Flying often with the swift, you may see another small bird. This bird, the swallow, unlike the swift, has broad triangular wings. The wings of swifts are held mostly at right angles to the body when in flight, whereas in the case of swallows the wings are held at a slight angle to the body in flight.
Among the most commonly seen swallows in India is the red-rumped swallow (Cecropis daurica). While the red-rumped swallow appears dark coloured in silhouette, it is actually bluish-black with a reddish colour on its rump (or back). This swallow is a resident in many parts of India, but in south India it is only a winter visitor.
Though swifts and swallows actually belong to different bird families, they have a lot in common. The most amazing facet of swifts and swallows is how they hunt. Both these birds are agile fliers and are skilled at feeding on insects while they are in flight. The bills of these birds are small, yet flattened, so they can devour small insects as they fly, often very high up in the sky. I often wonder whether there is any life so high up in the sky, but the presence of swifts and swallows, appearing as only as dots in the sky above, is a clear sign that there is food to be had for these birds, even at that height!
The other behaviour of swifts and swallows that never ceases to amaze me is the amount of time they spend flying and foraging. While swallows may occasionally be seen resting on electric or telephone wires (often hundreds of them lined up together), you will hardly ever see swifts sitting, at least during the day.
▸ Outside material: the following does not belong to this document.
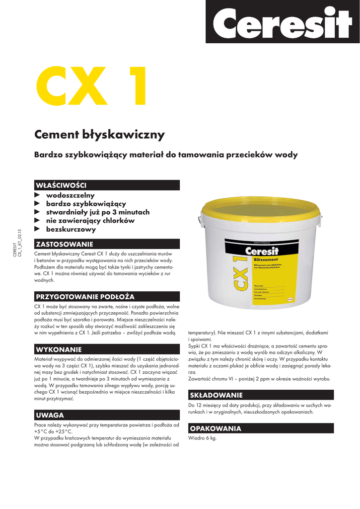 CX 1 Cement błyskawiczny CERESIT CX_1_KT_02.15 Bardzo szybkowiążący materiał do tamowania przecieków wody WŁAŚCIWOŚCI wodoszczelny bardzo szybkowiążący stwardniały już po 3 minutach nie zawierający chlorków bezskurczowy ZASTOSOWANIE Cement błyskawiczny Ceresit CX 1 służy do uszczelniania murów i betonów w przypadku występowania na nich przecieków wody. Podłożem dla materiału mogą być także tynki i jastrychy cementowe. CX 1 można również używać do tamowania wycieków z rur wodnych. PRZYGOTOWANIE PODŁOŻA CX 1 może być stosowany na zwarte, nośne i czyste podłoża, wolne od substancji zmniejszających przyczepność. Ponadto powierzchnia podłoża musi być szorstka i porowata. Miejsce nieszczelności należy rozkuć w ten sposób aby stworzyć możliwość zakleszczenia się w nim wypełnienia z CX 1. Jeśli potrzeba – zwilżyć podłoże wodą. WYKONANIE Materiał wsypywać do odmierzonej ilości wody (1 część objętościowa wody na 3 części CX 1), szybko mieszać do uzyskania jednorodnej masy bez grudek i natychmiast stosować. CX 1 zaczyna wiązać już po 1 minucie, a twardnieje po 3 minutach od wymieszania z wodą. W przypadku tamowania silnego wypływu wody, porcję suchego CX 1 wcisnąć bezpośrednio w miejsce nieszczelności i kilka minut przytrzymać. UWAGA Prace należy wykonywać przy temperaturze powietrza i podłoża od +5°C do +25°C. W przypadku krańcowych temperatur do wymieszania materiału można stosować podgrzaną lub schłodzoną wodę (w zależności od temperatury). Nie mieszać CX 1 z innymi substancjami, dodatkami i spoiwami. Sypki CX 1 ma właściwości drażniące, a zawartość cementu sprawia, że po zmieszaniu z wodą wyrób ma odczyn alkaliczny. W związku z tym należy chronić skórę i oczy. W przypadku kontaktu materiału z oczami płukać je obficie wodą i zasięgnąć porady lekarza. Zawartość chromu VI – poniżej 2 ppm w okresie ważności wyrobu. SKŁADOWANIE Do 12 miesięcy od daty produkcji, przy składowaniu w suchych warunkach i w oryginalnych, nieuszkodzonych opakowaniach. OPAKOWANIA Wiadro 6 kg. DANE TECHNICZNE Baza: mieszanka cementów Gęstość nasypowa: ok. 1,12 kg/dm3 Proporcje mieszania: ok. 0,3 l wody na 1 kg Temperatura stosowania: od +5°C do +25°C Czas zużycia: ok. 50 sek. Wytrzymałość na ściskanie: –po 6 godz. –po 24 godz. –po 28 dniach ≥ 7,0 MPa ≥ 10,0 MPa ≥ 35,0 MPa Wytrzymałość na zginanie: –po 6 godz. –po 24 godz. –po 28 dniach ≥ 0,7 MPa ≥ 2,0 MPa ≥ 5,0 MPa Orientacyjne zużycie: ok. 1,6 kg/dm3 wypełnianej objętości – Wyrób posiada: Aprobatę Techniczną Instytutu Techniki Budowlanej AT-15-4299/2014, Certyfikat Zakładowej Kontroli Produkcji nr ITB – 0431/Z wydany przez ITB, Deklarację Zgodności 00514 / 15-04-2014 oraz atest higieniczny Państwowego Zakładu Higieny na kontakt z wodą pitną HK/W/0942/02/2013. Wszelkie porady techniczne można uzyskać pod numerami telefonów: +48 800 120 241 +48 41 3710124. Informacje zawarte w niniejszej karcie technicznej, w szczególności zalecenia dotyczące sposobu i warunków aplikacji oraz zakresu zastosowania i użytkowania naszych produktów, zostały opracowane na podstawie naszego doświadczenia zawodowego. Niniejsza karta techniczna określa zakres stosowania materiału i zalecany sposób prowadzenia robót, ale nie może zastąpić zawodowego przygotowania wykonawcy. Producent gwarantuje jakość wyrobu, natomiast nie ma wpływu na warunki i sposób jego użycia. Biorąc pod uwagę, że warunki, w których stosowane są produkty mogą ulegać zmianie, w przypadku wątpliwości zalecane jest przeprowadzenie własnych prób. Nie ponosimy odpowiedzialności z tytułu powyżej wymienionych informacji lub jakiejkolwiek rekomendacji słownej z tym związanej, z wyjątkiem przypadków rażącego niedbalstwa lub winy umyślnej. Niniejsza karta techniczna zastępuje wszystkie poprzednie wersje, mające zastosowanie do tego produktu. CERESIT CX_1_KT_02.15 Poza informacjami podanymi w niniejszej karcie technicznej należy przestrzegać zasad sztuki budowlanej, wytycznych branżowych instytutów i stowarzyszeń, przedmiotowych norm krajowych i europejskich, dokumentów aprobacyjnych, przepisów BHP, itp. Wymienione powyżej cechy i właściwości techniczne określone zostały w oparciu o praktyczne doświadczenia oraz przeprowadzone badania. Wszelkie właściwości oraz zastosowania materiałów wykraczające poza zakres podany w niniejszej karcie technicznej wymagają naszego pisemnego potwierdzenia. Wszelkie dane odnoszą się do temperatury podłoża, otoczenia i materiału +23°C oraz wilgotności względnej powietrza 50%, o ile nie podano inaczej. W innych warunkach klimatycznych podane parametry mogą ulec zmianie.

Both these bird species can be seen tirelessly foraging for insects all day long. Don’t they get tired? I have often wondered. Why don’t they rest once in a while? Is the energy they get from the insects they eat in flight sufficient for them to forage in this manner? Well, the birds seem to be flourishing, so obviously they have worked out the energy economics of being aerial predators and balancing the lack of competition at that height versus the degree of difficulty of preying on insects in flight.